Chasing the Digitally Driven, Part 4

(Mark Dangelo is president of MPD Organizations LLC, featuring books, industry reports and articles. He is a strategic management consultant, outsourcing advisor and analytics specialist with extensive process, technology and financial results and is a frequent contributor to MBA NewsLink. He can be reached at mark@mpdangelo.com or at 440/725-9402.)  

As presented in the first three parts of this series, profitable use of digitization requires far more than mere mechanics. Spread across nearly three years and approaching 7,000 criteria points, deployment of layered and increasingly complex digitization solutions requires more than a popular theme.  

Like people, sometimes organizations do the right things for the wrong reasons.
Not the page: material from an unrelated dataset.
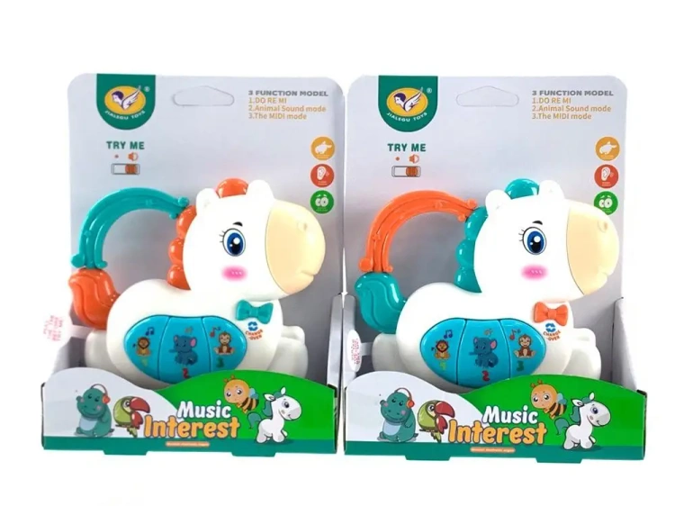 Nasz muzyczny konik oferowany jest w dwóch atrakcyjnych wersjach kolorystycznych. Koncepcja zabawki obejmuje efekty dźwiękowe takie jak do, re, mi oraz symulowane odgłosy zwierzęce. Zabawka jest wyposażona w możliwość regulacji głośności - od cichego dźwięku do głośnego. Urządzenie ma zapewnione zasilanie, na które składa się 2 baterie typu AAA (dołączone do zestawu).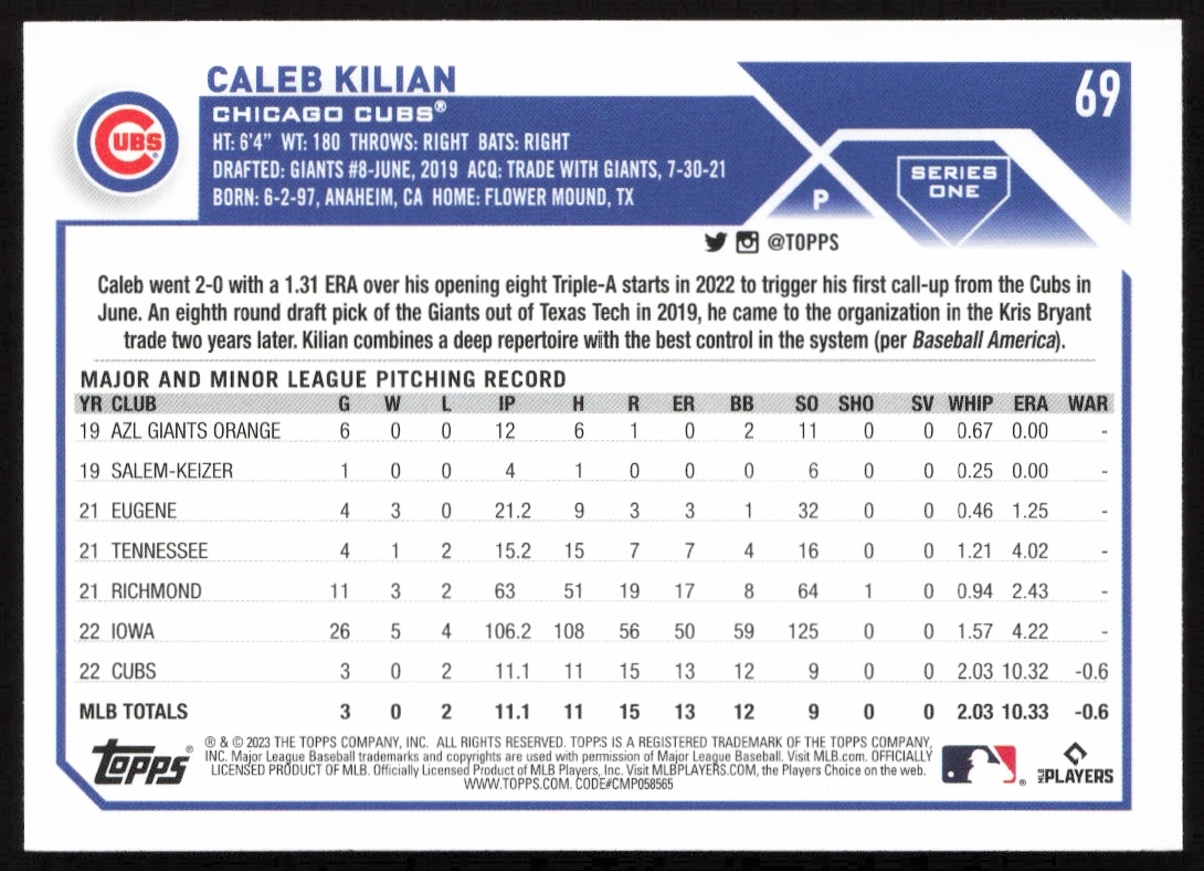 This Baseball card, from 2023 is part of the Topps Series 1 card set. Caleb Kilian is featured and has a card number of 69.

In an e-commerce world of B2B, B2C, C2C and B2G interlaced with pervasive Wi-Fi coverage, the march of structured and unstructured digital data grows at more than 100 percent compounded per year projected to reach 44 trillion gigabytes by 2020.   

To adapt and use unchecked digitization solution sets (where digitized data is moving from 22 percent usable to 37 percent), pundits are increasingly recommending cross-industry operating model for existing financial services firms–incorporate innovation incubators, create software firm cultures, use an Amazon-like approach to serving customers (i.e., retail).  It might from the recommendations that to be a viable financial services firm, you need to operate as anything but a financial services enterprise.  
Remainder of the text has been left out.